Non-small Cell Lung Cancer Metastatic Clinical Trial
Official title:
Randomized Cross-over Study of Patient Preference for Oral or Intravenous Vinorelbine in the Treatment of Advanced NSCLC. A Phase IV Study.
Title: Randomized cross-over study of patient preference for oral or intravenous vinorelbine
in the treatment of advanced NSCLC. A phase IV study.
ShortTitle/ Acronym: VIVOS
Protocol Code :IRST162.05
Study Design: Randomized, open label cross-over study
Study Duration: Two years
Study Center(s): Multicenter study
Objectives:
Primary: Patient preference for oral or intravenous vinorelbine Secondary: Overall Response
Rate, Time to Progression, Toxicity, Survival, Subjective reasons for treatment choice.
Number of Subjects: 120
Diagnosis and Main Inclusion Criteria:
Patients affected by stage IIIB or stage IV NSCLC candidates to receive a first line
chemotherapy with vinorelbine due to age ≥ 70 and Eastern Cooperative Oncology Group (ECOG)

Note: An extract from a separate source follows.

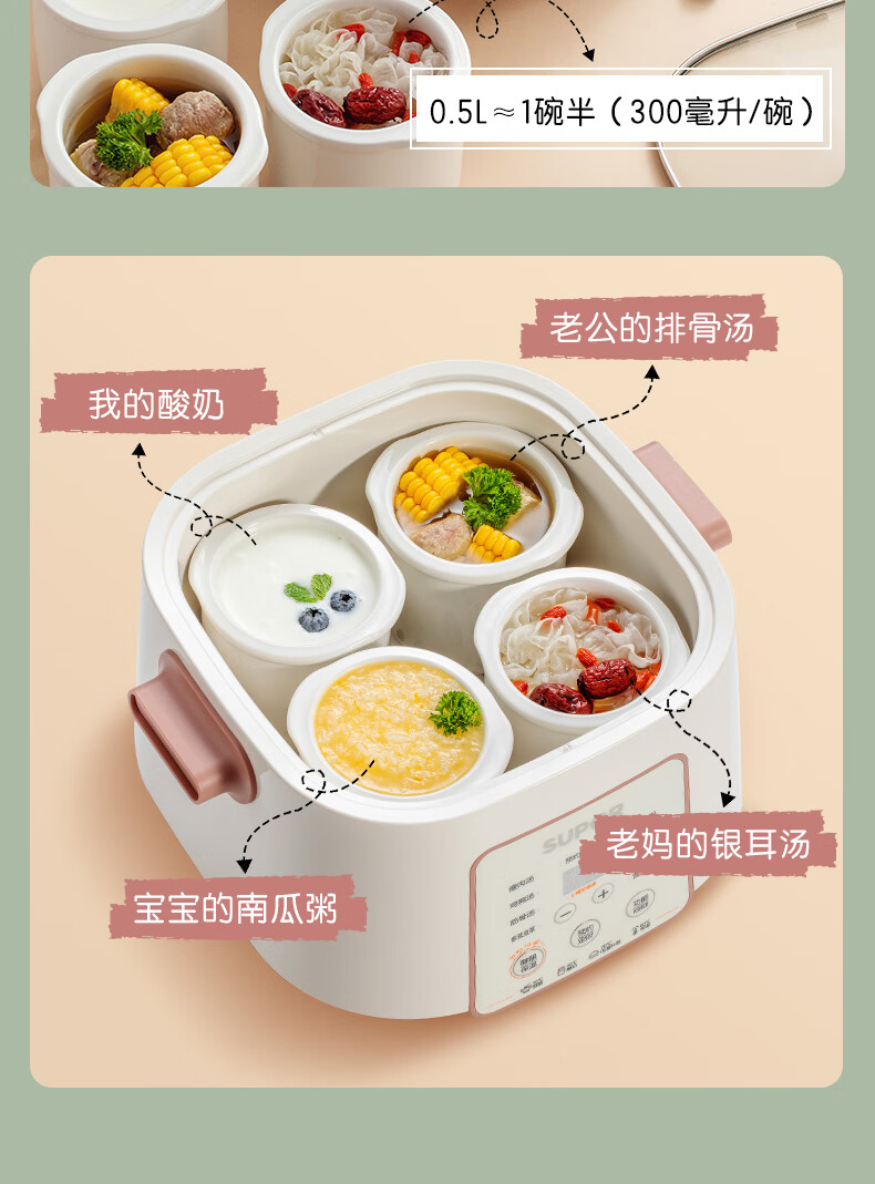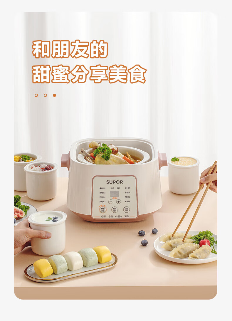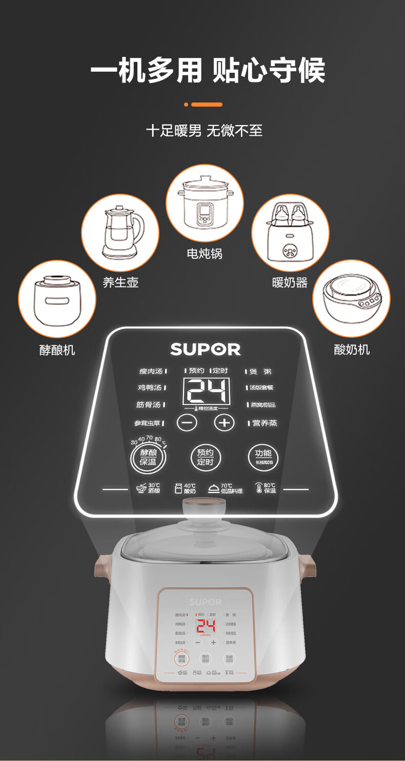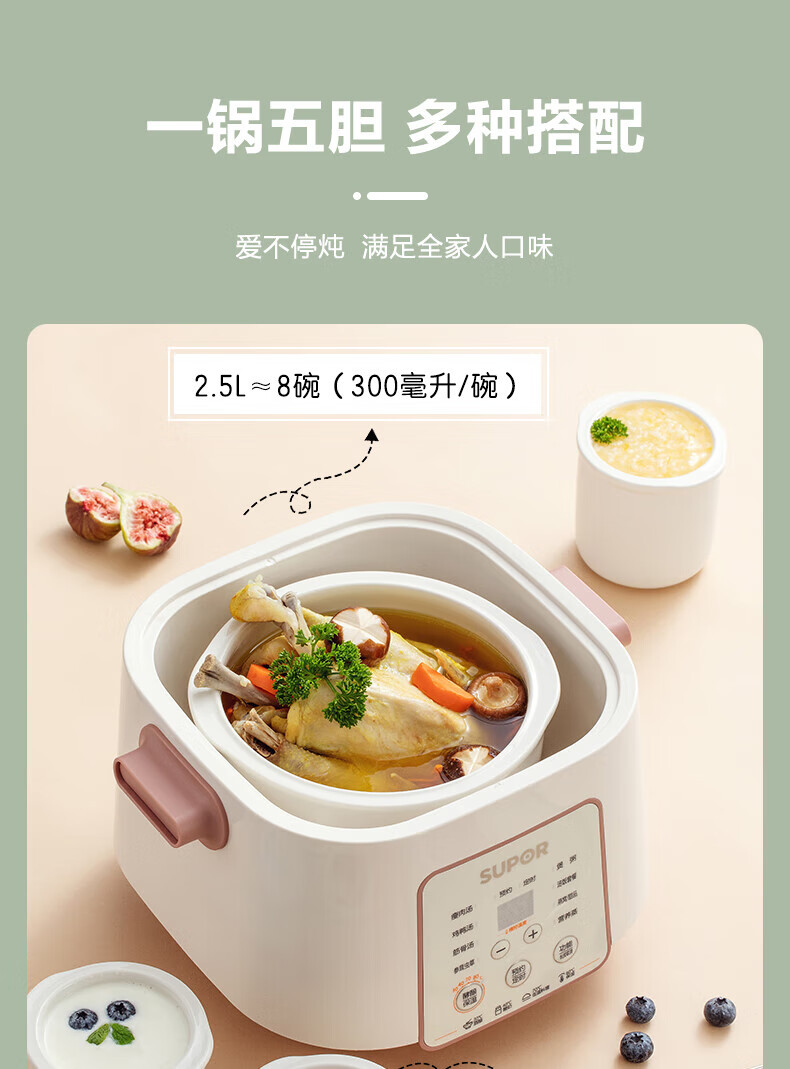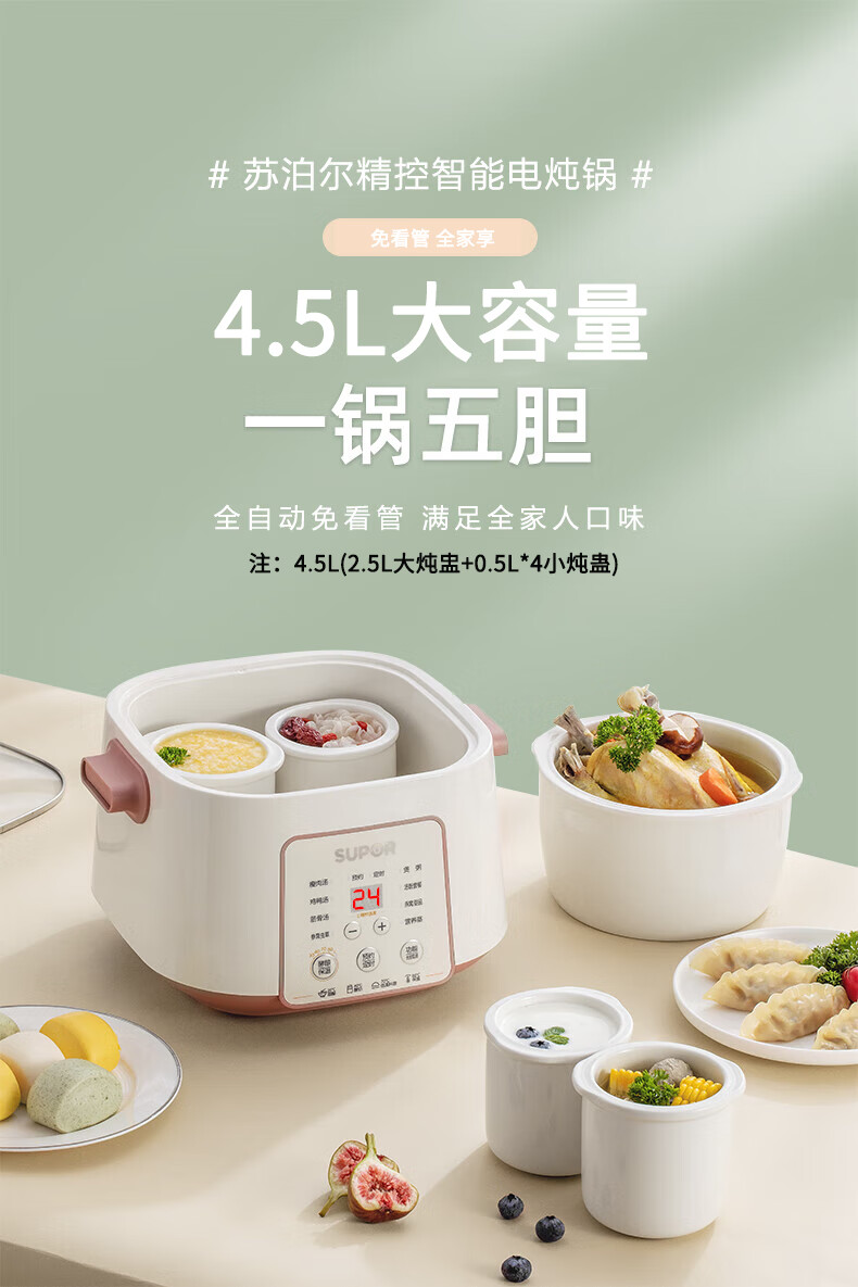 SUPOR electric stew pot, water-proof stew pot, household use for 3-4 people, large capacity soup pot, stew pot, electric stew pot, 5 gallbladders in one pot, porridge cooker, food supplement pot, electric steamer, multifunctional, 4.5L white ceramic inner pot, 2.5L+0.5L*4 2.5L
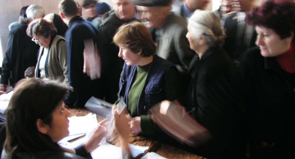 (OSCE/Cliff Volpe)Inside the polling station, local residents complete the steps necessary to vote, Bolnisi, Georgia, 2 November 2003. (OSCE/Cliff Volpe) Photo details

Performance status ≤2 or age ≤ 70 but ECOG PS ≥ 2
Study Product, Dose, Route, Regimen and duration of administration :
- Arm A: first cycle of IV vinorelbine (30 mg/m2) and second cycle of PO vinorelbine
(60mg/m2)
- Arm B: first cycle with PO vinorelbine (60mg/m2) followed by a second cycle of IV
vinorelbine (30mg/m2) In both arms vinorelbine will be given at day 1 and day 8 every 3
weeks. From the third cycle onwards patients will have to choose to receive oral or
intravenous vinorelbine. Vinorelbine capsules will be administered at the dosage of 60
mg/m2 for the first course and then may be increased to 80 mg/m² at physician's choice.
Treatment will be repeated every 21 days and continued until disease progression, intolerable
toxicity or patient refusal.
Reference therapy: Vinorelbine 30 mg/m2 intravenous day 1 and 8 every 21 days
Statistical Methodology: The sample size is calculated based on 75% of patients preferring
"oral" vinorelbine and 25% preferring "intravenous" vinorelbine. Therefore, the investigators
would compare patients preferring "oral" vinorelbine as 75% compared to a null hypothesis of
50% (no difference in proportion of patients preferring "oral" to "intravenous"). With 80%
power and a total alpha of 0.05, the estimated sample size is 60 for group (120 total).
During recruitment period, a formal interim analysis was planned when 60 patients (30 for
group) have been enrolled, with a p-value <0.0001. To claim statistical significance in the
final analysis, the overall p-value is still 5% (referred to Peto-Haybittle rule).